You would hate to re-ignite this concern as we had in and around year 2000 when the group at Duke was talking about writing about patients who had cognitive decline after cardiac surgery, were going to end up being demented five or 10 years down the line, so, that's from the perspective of a cardiac surgeon. Let's stick with the evidence but let's follow-up and see how predictive these silent infarcts are and what the consequences are long term. Do you think that's fair, Anne? Am I making a fair statement?
Dr Anne Vedel: I absolutely do think it's fair. And for a cardiac surgeon as yourself, I would find it very interesting to see that these kind of studies are also conducted in TAVR patients where you have sometimes a 200% incidence of these silent strokes.
I mean you have a good taste as a cardiac surgeon if you only see them in 50% of your patients, understand me correctly, but I don't necessarily think that this high incidence, it's high, yes, but compared to other patient groups, such as TAVR patients, it's not necessarily that bad.
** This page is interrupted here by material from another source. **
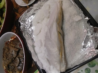 鹽焗薑蔥黃花魚By angelma21鹽焗薑蔥黃花魚編輯: By angelma21PreviousNext預備---分鐘烹調40分鐘總共40分鐘難度1 / 3份量3-4人簡介今晚做左個好簡單鹽焗黃花魚, 非常好味鮮甜多汁, 同大家分享吓材料材料: 黃花魚一條, 薑5-6片, 蔥一棵 粗鹽一包, 油1湯匙, 碭紙同牛油紙各一張做法1先將黃花魚洗淨沫乾用酒搽勻全身內外 2片薑同些少蔥放魚肚入面 先放些蔥在牛油紙面再放魚, 魚面放淨餘的蔥同薑 牛油紙包好條魚 焗盤放上碭紙pop上粗鹽 放上魚再用粗魚密封全條魚 放入焗爐180度25分鐘, 熄爐後多5分鐘左右就食得將鹽拿走打開牛油紙就可享用, 鮮甜多汁主菜烤焗中式海鮮焗爐黃花魚相關食譜焗比目魚扒By EMILY_TSANG 時間: 30 分鐘 | 份量: 2人海鹽烤三文魚柳By 8度海逸酒店 時間: 1 小時 | 份量: 1人“泰” 好味 。鹽焗魚By Yena 時間: 30 分鐘 | 份量: 3-4人

Dr Tim Gardner: Right. Anne, I don't know whether you've seen the editorial that's going to accompany your paper, but it's very good. It's very supportive of your study and has some good comments. You'll be pleased with the editorial, I believe, if you haven't seen it.
Dr Anne Vedel: Thank you very much. I'm happy to hear that. I know we do things a bit controversially over here in Copenhagen, compared to many centers in the U.S.
Dr Tim Gardner: That is not what the editorialists think. An anesthesiologist from Stanford and a neurologist from Penn, they have a very good commentary on your study and the whole field, so you'll be pleased.
Anne Vedel: I'm very happy to hear that. Thank you.